Créativité critique ou répétition
La réflexion mène à un tri subtil entre diffusion de savoir et véritable invention. Un enseignant qui recycle indéfiniment le même support sans l’actualiser transmet certes de l’information, mais il n’entre plus dans la catégorie d’Eco. Il devient archiviste plutôt que découvreur.
Inversement, un agriculteur de la Likouala expérimentant un greffage inédit pour réduire l’acidité du cacao innove et partage une connaissance applicable. Son geste, à la fois empirique et théorique, illustre la frontière mobile entre action manuelle et spéculation intellectuelle.
L’apport critique repose alors sur trois axes souvent cités par les chercheurs de l’Université Marien-Ngouabi : capacité de doute, curiosité interdisciplinaire, diffusion ouverte des résultats. Sans ces piliers, la production de savoir se fige et laisse place à la simple restitution.
Les nouveaux laboratoires congolais
Brazzaville voit émerger des fablabs, des studios de musique numérique et des incubateurs où l’on croise codeurs, stylistes et conteurs. Ces espaces hybrides ont la particularité de transformer des contraintes logistiques — débit Internet irrégulier, importations coûteuses — en défis stimulant l’inventivité collective.
Selon la start-uppeuse Grâce Ngakala, « chaque goulot d’étranglement est une invitation à hacker le système ». Son équipe développe une appli hors-ligne pour la formation agricole, testée dans la Cuvette, prouvant qu’innovation peut rimer avec inclusion rurale et que la connaissance circule en circuits courts.
La démarche trouve un écho dans la politique publique visant à soutenir les industries créatives sous la houlette du ministère des Postes, des Télécommunications et de l’Économie numérique. Les subventions allouées à l’écosystème tech sont lues par plusieurs analystes comme une reconnaissance du capital intellectuel local.
Défis numériques et inclusion
Malgré les progrès, l’accès à la bande passante demeure inégal, limitant la circulation des recherches universitaires et des œuvres audiovisuelles congolaises. Les intellectuels 3.0 doivent donc composer avec des coupures récurrentes, tout en défendant un internet ouvert qui protège la propriété intellectuelle.
Le partenariat récemment noué entre l’Agence de Régulation des Postes et Communications électroniques et plusieurs opérateurs mobiles prévoit une baisse graduelle des tarifs de données.
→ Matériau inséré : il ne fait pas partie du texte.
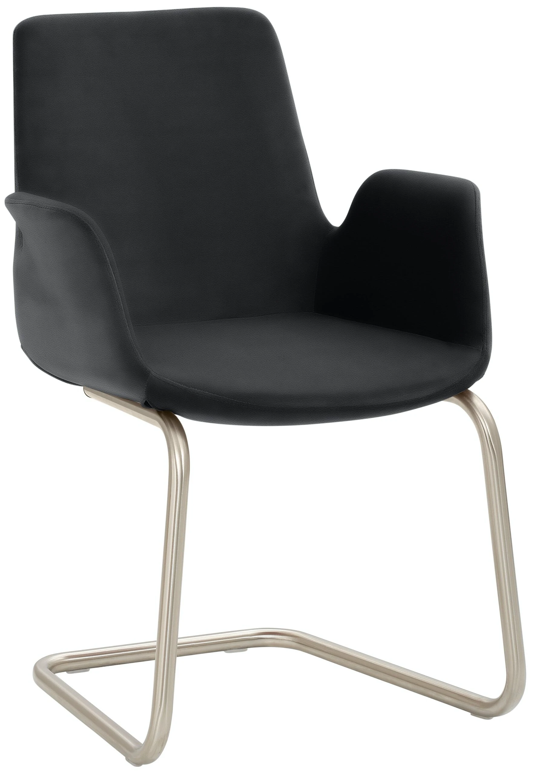 Freischwinger-Gestell, Chrom gebürstet Edelstahllook, mit integrierten Armlehnen, rundum gepolstert, Sitzhöhe 49 cm.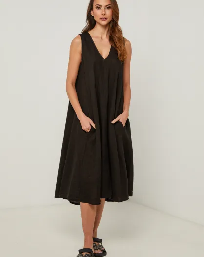 Zwarte linnen jurk van Merkiel

Pour les créateurs de contenu, cette initiative signe l’entrée dans une phase où la recherche n’est plus freinée par le coût.
Reste à favoriser l’alphabétisation numérique, condition sine qua non pour que les plateformes scientifiques ou culturelles profitent à la majorité. Là encore, l’esprit d’Eco plane : savoir manier un ordinateur ne suffit pas, il faut en extraire des idées qui enrichissent la cité.
Une voie ouverte à la jeunesse
Au lycée Chaminade, un club de philosophie s’est lancé dans des podcasts hebdomadaires où les élèves discutent de biodiversité, de fintech et de rumba. « On n’attend plus le manuel, on le complète », explique Murielle, 17 ans, incarnant cette posture proactive chère à Mboungou-Kiongo.
Pour nombre d’observateurs, la génération montante ne souhaite pas seulement consommer des idées mais les générer, qu’il s’agisse de modéliser les flux du fleuve Congo ou de réinventer le storytelling autour du makayabu. Une dynamique qui pourrait accélérer la transition vers une économie fondée sur la connaissance.
En définitive, l’intellectuel version 2024 n’est ni un oracle solitaire ni un gestionnaire de citations. C’est un acteur connecté, critique et ancré dans son territoire. Umberto Eco l’avait annoncé ; Mboungou-Kiongo le relaie ; la jeunesse congolaise s’en empare pour construire demain.
Cette ouverture suppose cependant un écosystème critique, apte à accepter la remise en question et la diversité d’opinions. C’est à cette condition que la République du Congo pourra capitaliser sur ses cerveaux, transformer l’ingéniosité dispersée en solutions concrètes et rayonner dans la sous-région.